I almost did. This is where my hymn to cisgender gay friends begins. One in particular stopped me. I followed his good guidance, finding a therapist who supported my application to use Family Medical Leave Act (FMLA) in order to get out of an increasingly tense office situation and use the time away from the muck to plan my future calmly. It gave me time to throw out a request to Foreign Service friends in hopes someone might know of an office with an immediate need. I began interviewing, and in the end, I found such an office that needed someone for a year's tour as quickly as possible. We shook hands on the deal.

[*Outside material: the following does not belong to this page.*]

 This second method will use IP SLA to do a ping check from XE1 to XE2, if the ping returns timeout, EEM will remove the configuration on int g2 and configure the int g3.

Still, nothing is automatic in the Foreign Service. To get out of the Muck Operations Center, I had to submit a request that would be reviewed by a "curtailment panel." Given that I knew my MOC management would oppose, I didn't think the odds were in my favor. I had my resignation letter written and ready to go just in case, and I made sure the "curtailment panel" knew it. The panel met two weeks ago, and I was as surprised as anyone when the panel approved my request. I start working in my new office in mid-July.

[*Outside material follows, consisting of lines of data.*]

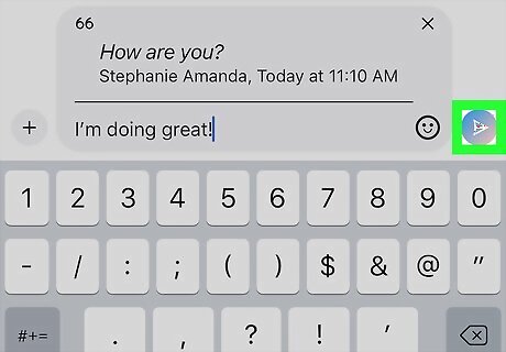 Tap the paper plane icon. This button is next to the message field in the lower-right corner. It will send your message along with your quotation to the chat conversation
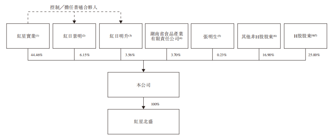 分析计较,红星实业、红日景明、红日明升及红星核心合计节制公司已刊行股本约70。97%。此外,湖南省食物财产无限义务公司正在上市前持股约4。85%,施行董事张明生小我持股约0。3%。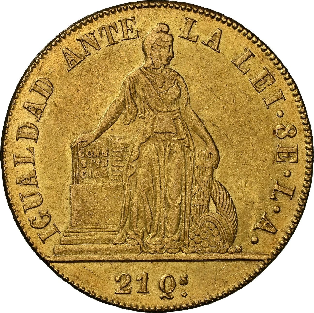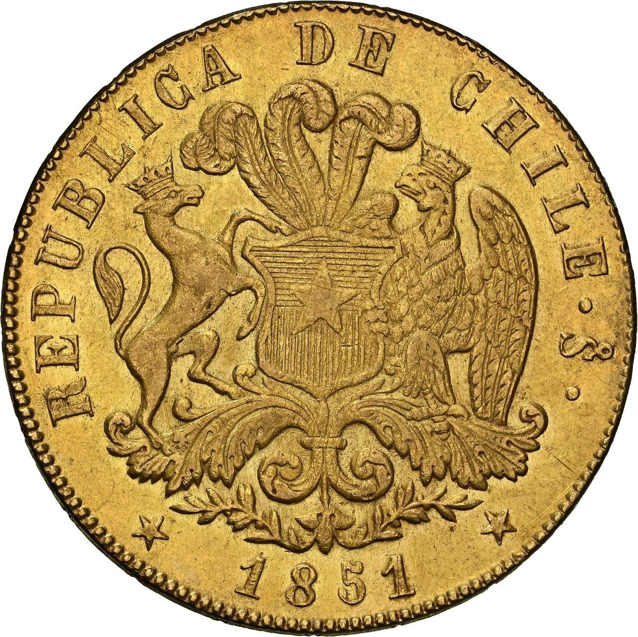 CHILE, Santiago, gold 8 escudos, 1851 LA, ABRIL on edge, NGC MS 61, "top pop." KM-105; Fr-41. Good luster, minimal high-point wear, no marks or hairlines of note, currently tied with four others for finest in NGC census.

So what do I take away from this experience?
First, being taken seriously as an intelligent, capable woman at State is as difficult as being taken seriously as a woman anywhere. I don't think anyone had even bothered to read the stream of design and user documentation I had been issuing regularly since December. The only people who cared were the Muck Officers themselves who were the ones with the most to gain. (I also now look back with gratitude to the many talented women engineers and managers I worked alongside during my years of NASA work.)

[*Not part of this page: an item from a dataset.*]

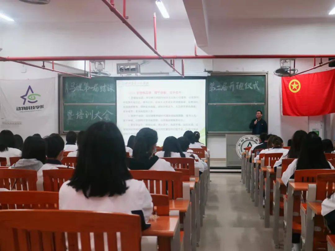 学院党委副书记朱路平主持党课,辅导员许鸿、赵江、关敏、全体学生党员、青马班学员及团学组织代表参加党课学习。

Second, after my rape experience on a ferry from Georgia to Ukraine while returning to the US last year (My Journey . . . Home?), I am thin skinned, to put it mildly, when my fate is being decided by men who treat me as though I'm not there.
Third, I may not have the fight left in me to go against an entire bureau that has decided I'm a trouble maker, but I do have the strength to make principled demands and, if they are not met, not to compromise. In this case I had demanded the rolling back or, with my help, revision of the "Mandatory Guidance." When it became clear that this was not going to happen, I made the decision to leave. With help and support from friends and colleagues, I was able to do this without resigning outright. They know who they are, and they have my deepest thanks.
Finally, living by one's principles does have a price. In my case it's a month of leave without pay while I was on FMLA. Also, the position I'm going to comes with a somewhat lower salary, but the salary is lower for a good reason: no shift work and no more muck!
I regret that the Muck Officers I worked beside will not benefit from the automation I was giving them, but I leave with my dignity intact and hope that I will be an example to other women at State. There are times one must stand on principle no matter what the career consequences may be.
* * * * * * * *
The ending words from Kiri's Piano written by Canadian singer-songwriter James Keelaghan describe beautifully my feelings at the end of this difficult period:
Kiri knew what I did not that if we must be free,Then sometimes we must sacrifice to gain our dignity.